But this novel falters for several reasons. For one, the three principle characters, Jacob, Orito Abigawa, and a Japanese translator named Ogawa, are all paper-thin; flat characterisation can be used in exceptionally wonderful ways, but in this long historical novel, it’s hard to care about the fate of these people. Mitchell tries to draw the reader in by expressing these characters’ thoughts in italics, but this device ultimately feels forced and awkward. Many of the minor characters, however, are wonderful, particularly Dr. Marinus and the crew of the British naval ship The Phoebus, and they effectively upstage the protagonists throughout the narrative.

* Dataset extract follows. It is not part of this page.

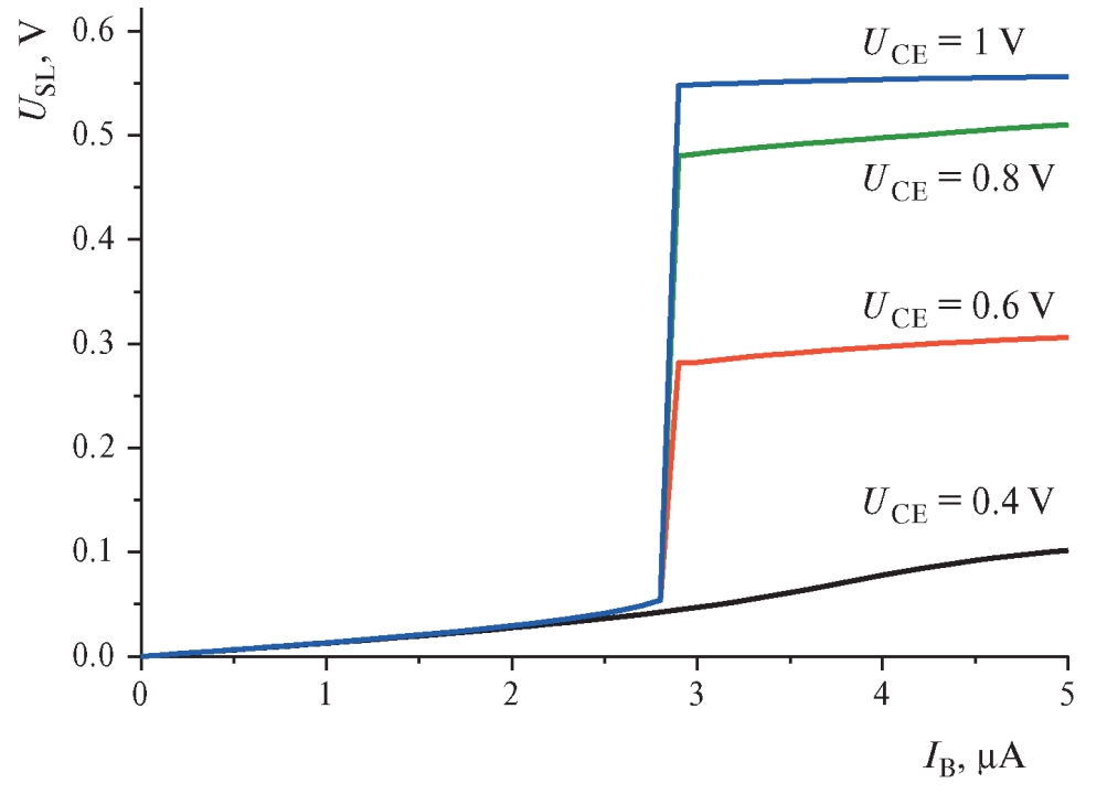 Особенности вольтамперных характеристик исследуемой структуры обусловлены наличием сверхрешетки в эмиттерной цепи транзистора. В результате N-образная вольтамперная характеристика сверхрешетки проявляется на передаточных и на выходных характеристиках транзистора. Если ток базы составляет менее 2.8 мкА, ток насыщения коллектора не превышает 1.9 мА. Следовательно, ток эмиттера также менее 1.9 мА, сверхрешетка представляет собой сопротивление с характерным значением 36.4 Ом, а транзистор работает в обычном режиме. При токе базы свыше 2.8 мкА и напряжении коллектор–эмиттер свыше 0.38 В сверхрешетка переходит в область с отрицательной дифференциальной проводимостью, что приводит к снижению эмиттерного и коллекторного токов транзистора при росте тока базы. Дальнейший рост напряжения коллектор–база свыше 1.0 В переводит сверхрешетку в низкоимпедансное состояние с последующим тепловым пробоем.

But the biggest problem is that the novel seems unsure of its own genre. To be fair, this is almost certainly intentional, since Mitchell’s books have often explored different genres: Cloud Atlas, for example, contains narratives that alternately fall under the category of historical fiction, crime/thriller, and science fiction. This genre switching works in Cloud Atlas, however, because each genre is matched to a separate narrative thread. But The Thousand Autumns tries to be everything at once: a historical novel, a romantic melodrama and a gothic thriller. It fails on all counts. The historical detail is undermined by the gothic mysticism, the romantic subplot is rendered both unbelievable and uninteresting by the thin characterisation, and the book fails as a page-turning gothic thriller for the simple reason that it is, at points, an absolute chore to read. Even Mitchell’s usually sparkling prose disappears for hundreds of pages at a time.
This book is a rare misstep by an author who has produced nothing but excellent work thus far. Mitchell, himself, has admitted that he significantly rewrote the book three times, and I believe him, because you can see his effort as you’re reading the novel. But this, of course, is the problem: the whole point of working and reworking prose is to give it the illusion of being effortless.
Despite its fantastic setting and the interesting historical source material it uses (largely drawn from Hendrik Doeff’s Recollections of Japan, which I am now keen to read), the languorous temporal duration suggested by the title The Thousand Autumns of Jacob de Zoet may unintentionally evoke the endurance-testing experience of reading Mitchell’s newest novel.